— Ты куда? — взволнованно спросила она, увидев, что я лихорадочно собираюсь, натягивая на себя джинсы (те же самые, лень искать другие, чистые).
— Мне надо… надо кое-куда сходить, — пробормотал я, отступая в прихожую. Через минуту я стоял в помятой и несвежей одежде посреди проспекта Мира и запоздало пытался придумать, куда бы мне пойти. Страшно хотелось курить, и мысли о слабости собственной силы воли уже никак меня не огорчали. Сегодня был совершенно неподходящий день, чтобы бросить курить.
Глава 2
Ставлю на красное
Смешное и грустное зрелище — взрослый, состоявшийся и даже уже теряющий позиции мужчина тридцати пяти лет, который боится идти к себе домой, потому что там — она. По каким причинам, зачем Саша-Маша начала эту игру и как долго она может себе позволить не выходить из моего дома — я не знал. И более дурацкой ситуации припомнить не смог. Как-то Димуля говорил мне, смеясь, что бабы и кабаки доведут меня до цугундера. Что такое, кстати, этот самый цугундер? Если бы я захватил с собой «Айпад», посмотрел бы в Интернете. А чего, делать-то все равно нечего. Домой нельзя. На работу — ни за что, только не после нашего с Димулей разговора.

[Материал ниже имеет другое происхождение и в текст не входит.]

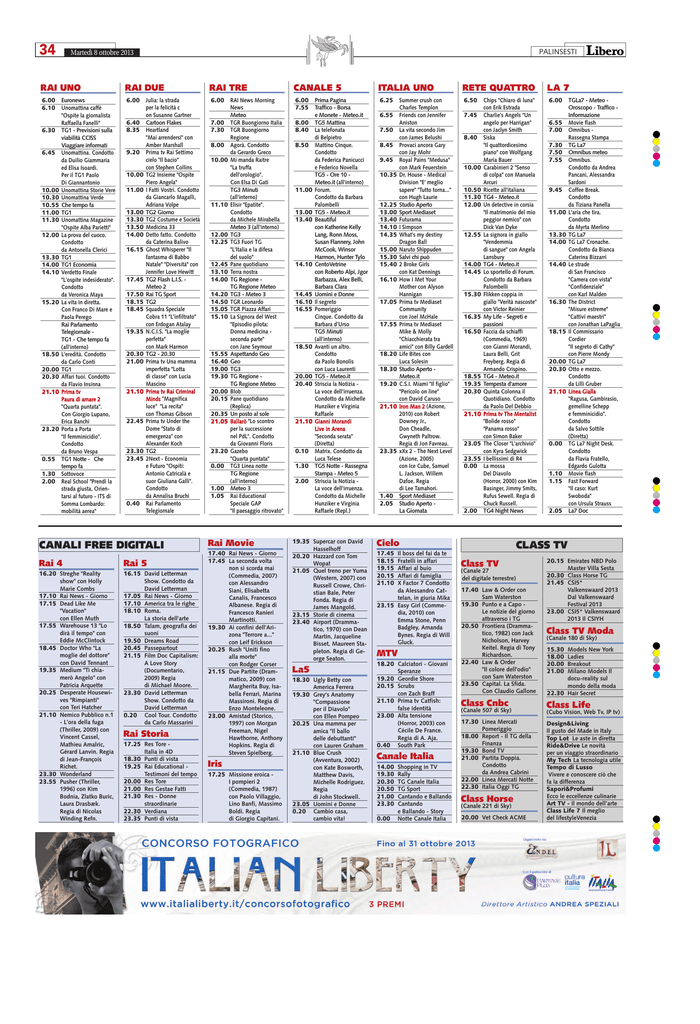 34 PALINSESTI Martedì 8 ottobre 2013 RAI UNO RAI DUE RAI TRE CANALE 5 ITALIA UNO RETE QUATTRO LA 7 6.00 Euronews 6.10 Unomattina caffè "Ospite la giornalista Raffaella Fanelli" 6.30 TG1 - Previsioni sulla viabilità CCISS Viaggiare informati 6.45 Unomattina. Condotto da Duilio Giammaria ed Elisa Isoardi. Per il TG1 Paolo Di Giannantonio 10.00 Unomattina Storie Vere 10.30 Unomattina Verde 10.55 Che tempo fa 11.00 TG1 11.30 Unomattina Magazine "Ospite Alba Parietti" 12.00 La prova del cuoco. Condotto da Antonella Clerici 13.30 TG1 14.00 TG1 Economia 14.10 Verdetto Finale "L'ospite indesiderato". Condotto da Veronica Maya 15.20 La vita in diretta. Con Franco Di Mare e Paola Perego Rai Parlamento Telegiornale TG1 - Che tempo fa (all'interno) 18.50 L'eredità. Condotto da Carlo Conti 20.00 TG1 20.30 Affari tuoi. Condotto da Flavio Insinna 21.10 Prima tv Paura di amare 2 "Quarta puntata". Con Giorgio Lupano, Erica Banchi 23.20 Porta a Porta "Il femminicidio". Condotto da Bruno Vespa 0.55 TG1 Notte - Che tempo fa 1.30 Sottovoce 2.00 Real School "Prendi la strada giusta, Orientarsi al futuro - ITS di Somma Lombardo: mobilità aerea" 6.00 6.00 6.00 Prima Pagina 7.55 Traffico - Borsa e Monete - Meteo.it 8.00 TG5 Mattina 8.40 La telefonata di Belpietro 8.50 Mattino Cinque. Condotto da Federica Panicucci e Federico Novella TG5 - Ore 10 Meteo.it (all'interno) 11.00 Forum. Condotto da Barbara Palombelli 13.00 TG5 - Meteo.it 13.40 Beautiful con Katherine Kelly Lang, Ronn Moss, Susan Flannery, John McCook, Winsor Harmon, Hunter Tylo 14.10 CentoVetrine con Roberto Alpi, Jgor Barbazza, Alex Belli, Barbara Clara 14.45 Uomini e Donne 16.10 Il segreto 16.55 Pomeriggio Cinque. Condotto da Barbara d’Urso TG5 Minuti (all'interno) 18.50 Avanti un altro. Condotto da Paolo Bonolis con Luca Laurenti 20.00 TG5 - Meteo.it 20.40 Striscia la Notizia La voce dell'irruenza. Condotto da Michelle Hunziker e Virginia Raffaele 21.10 Gianni Morandi Live in Arena "Seconda serata" (Diretta) 0.10 Matrix. Condotto da Luca Telese 1.30 TG5 Notte - Rassegna Stampa - Meteo 5 2.00 Striscia la Notizia La voce dell'irruenza. Condotto da Michelle Hunziker e Virginia Raffaele (Repl.) 6.25 6.50 6.00 TGLa7 - Meteo Oroscopo - Traffico Informazione 6.55 Movie flash 7.00 Omnibus Rassegna Stampa 7.30 TG La7 7.50 Omnibus meteo 7.55 Omnibus. Condotto da Andrea Pancani, Alessandra Sardoni 9.45 Coffee Break. Condotto da Tiziana Panella 11.00 L'aria che tira. Condotto da Myrta Merlino 13.30 TG La7 14.00 TG La7 Cronache. Condotto da Bianca Caterina Bizzarri 14.40 Le strade di San Francisco "Camera con vista" "Confidenziale" con Karl Malden 16.30 The District "Misure estreme" "Cattivi maestri" con Jonathan LaPaglia 18.15 Il Commissario Cordier "Il segreto di Cathy" con Pierre Mondy 20.00 TG La7 20.30 Otto e mezzo. Condotto da Lilli Gruber 21.10 Linea Gialla "Ragusa, Gambirasio, gemelline Schepp e femminicidio". Condotto da Salvo Sottile (Diretta) 0.00 TG La7 Night Desk. Condotto da Flavia Fratello, Edgardo Gulotta 1.10 Movie flash 1.15 Fast Forward "Il caso: Kurt Swoboda" con Ursula Strauss 2.05 La7 Doc 19.35 Supercar con David Hasselhoff 20.20 Hazzard con Tom Wopat 21.05 Quel treno per Yuma (Western, 2007) con Russell Crowe, Christian Bale, Peter Fonda. Regia di James Mangold. 23.15 Storie di cinema 23.40 Airport (Drammatico, 1970) con Dean Martin, Jacqueline Bisset, Maureen Stapleton. Regia di George Seaton. Cielo 6.40 8.35 9.20 10.00 11.00 13.00 13.30 13.50 14.00 16.15 17.45 17.50 18.15 18.45 19.35 20.30 21.00 21.10 22.45 23.30 23.45 0.40 Julia: la strada per la felicità c on Susanne Gartner Cartoon Flakes Heartland "Mai arrendersi" con Amber Marshall Prima tv Rai Settimo cielo "Il bacio" con Stephen Collins TG2 Insieme "Ospite Piero Angela" I Fatti Vostri. Condotto da Giancarlo Magalli, Adriana Volpe TG2 Giorno TG2 Costume e Società Medicina 33 Detto fatto. Condotto da Caterina Balivo Ghost Whisperer "Il fantasma di Babbo Natale" "Diversità" con Jennifer Love Hewitt TG2 Flash L.I.S. Meteo 2 Rai TG Sport TG2 Squadra Speciale Cobra 11 "L'infiltrato" con Erdogan Atalay N.C.I.S. "La moglie perfetta" con Mark Harmon TG2 - 20.30 Prima tv Una mamma imperfetta "Lotta di classe" con Lucia Mascino Prima tv Rai Criminal Minds "Magnifica luce" "La recita" con Thomas Gibson Prima tv Under the Dome "Stato di emergenza" con Alexander Koch TG2 2Next - Economia e Futuro "Ospiti: Antonio Catricalà e suor Giuliana Galli". Condotto da Annalisa Bruchi Rai Parlamento Telegiornale CANALI FREE DIGITALI Rai 4 Rai 5 16.20 Streghe "Reality show" con Holly Marie Combs 17.10 Rai News - Giorno 17.15 Dead Like Me "Vacation" con Ellen Muth 17.55 Warehouse 13 "Lo dirà il tempo" con Eddie McClintock 18.45 Doctor Who "La moglie del dottore" con David Tennant 19.35 Medium "Ti chiamerò Angelo" con Patricia Arquette 20.25 Desperate Housewives "Rimpianti" con Teri Hatcher 21.10 Nemico Pubblico n.1 - L'ora della fuga (Thriller, 2009) con Vincent Cassel, Mathieu Amalric, Gérard Lanvin. Regia di Jean-François Richet. 23.30 Wonderland 23.55 Pusher (Thriller, 1996) con Kim Bodnia, Zlatko Buric, Laura Drasbæk. Regia di Nicolas Winding Refn. 16.15 David Letterman Show. Condotto da David Letterman 17.05 Rai News - Giorno 17.10 America tra le righe 18.10 Roma. La storia dell'arte 18.50 Talam, geografia dei suoni 19.50 Dreams Road 20.45 Passepartout 21.15 Film Doc Capitalism: A Love Story (Documentario, 2009) Regia di Michael Moore. 23.30 David Letterman Show. Condotto da David Letterman 0.20 Cool Tour. Condotto da Carlo Massarini Rai Storia 17.25 Res Tore Italia in 4D 18.30 Punti di vista 19.25 Rai Educational Testimoni del tempo 20.00 Res Tore 21.00 Res Gestae Fatti 21.30 Res - Donne straordinarie 22.30 Verdiana 23.35 Punti di vista 7.00 7.30 8.00 10.00 11.10 12.00 12.25 12.45 13.10 14.00 14.20 14.50 15.05 15.10 15.55 16.40 19.00 19.30 20.00 20.15 20.35 21.05 23.20 0.00 1.00 1.05 RAI News Morning News Meteo TGR Buongiorno Italia TGR Buongiorno Regione Agorà. Condotto da Gerardo G

Сейчас я никого там видеть не могу, все мне противны. Сейчас это кладбище надежд похоронило именно мои надежды, и идти туда было просто больно. Так что я шел бессмысленно, безо всякого особенного направления, с телефоном в кармане пиджака, с легким туманом в голове. Похмелье? Или просто не выспался? Все еще не протрезвел?
— Да, брат, запустил ты себя, — пробормотал я себе под нос. Когда-то я был кандидатом в мастера по плаванию. Еще в институте. Когда-то я хотел заниматься приборостроением. Потом — политикой. Я много чего хотел. Но телевидение засосало, как вакуумный пылесос, и вот валяюсь, обессиленный, в пыли на обочине дороги. Никакого спорта, никакого здорового образа жизни. Нужно браться за себя. В бассейн начать ходить, что ли? Где мои кубики пресса? Или хотя бы один… куб.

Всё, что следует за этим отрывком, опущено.